Apple has always had a method of associating accents with their most commonly attached letters.

á é í ó ú are made by typing opt e then the vowel

ä ë ï ö ü are made by typing opt u then the vowel

â ê î ô û are made by typing opt i then the vowel

à è ì ò ù are made by typing opt ` (above the tab key) then the vowel

ñ is made by typing opt n then the letter

There are many more including the Scandinavian å ø which are just the option + the vowel.

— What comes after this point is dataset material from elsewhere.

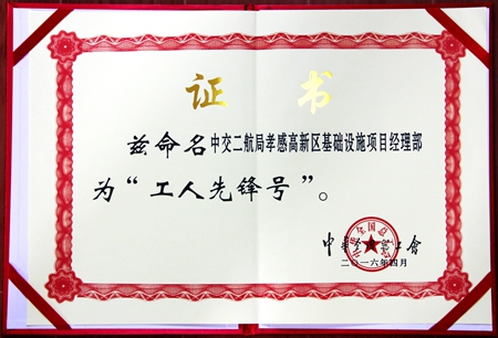 日前,从湖北省总工会获悉,经孝感市总工会推荐、湖北省总工会审核公示、全国总工会批准表彰,孝感项目被授予2016年度“全国工人先锋号” 荣誉称号,这是继2014年获得“湖北省工人先锋号”后,获得的最高嘉奖。

The same with ç ß ∂ ƒ µ etc.

Unlike in Windows, this is System wide including the Finder and worth learning, not that it is hard because it is regular.

Peter

Apr 16, 2009 3:26 AM in response to Charlie_Potatoes

Hi Charlie,

Anything available directly from the keyboard can be seen using Keyboard Viewer, found in the Input Menu section of the International Pane of System Preferences.

How you get the accents depends on the keyboard layout you are using (and possibly on the coding of the font you are using).

On the US or Canadian layouts you can get these special characters:

à é ü î ñ å ç

The last two are single stroke key combinations - option-a and option-c

The others are two stroke combinations - option-accent, then letter
The first stroke produces a zero-width accent character, then the second produces the letter that sits under the accent. The accents can be applied only to letters that would use that accent.

Accent keys are option plus the letter that is shown with the accent (e, u, i and n), and ` for the accent over the first a.

For more about adding accents, see Mac Help (in the Help menu when you are in the Finder) and search "adding accent marks".

Regards,
Barry

Apr 16, 2009 3:31 AM in response to Barry

Barry,

The option accent method is not achieved by assembling 2 characters, as you can easily test by nudging the cursor through the characters.

It is an input method. The option accent forms a dead key which waits on a following character before inputting the correct accented character.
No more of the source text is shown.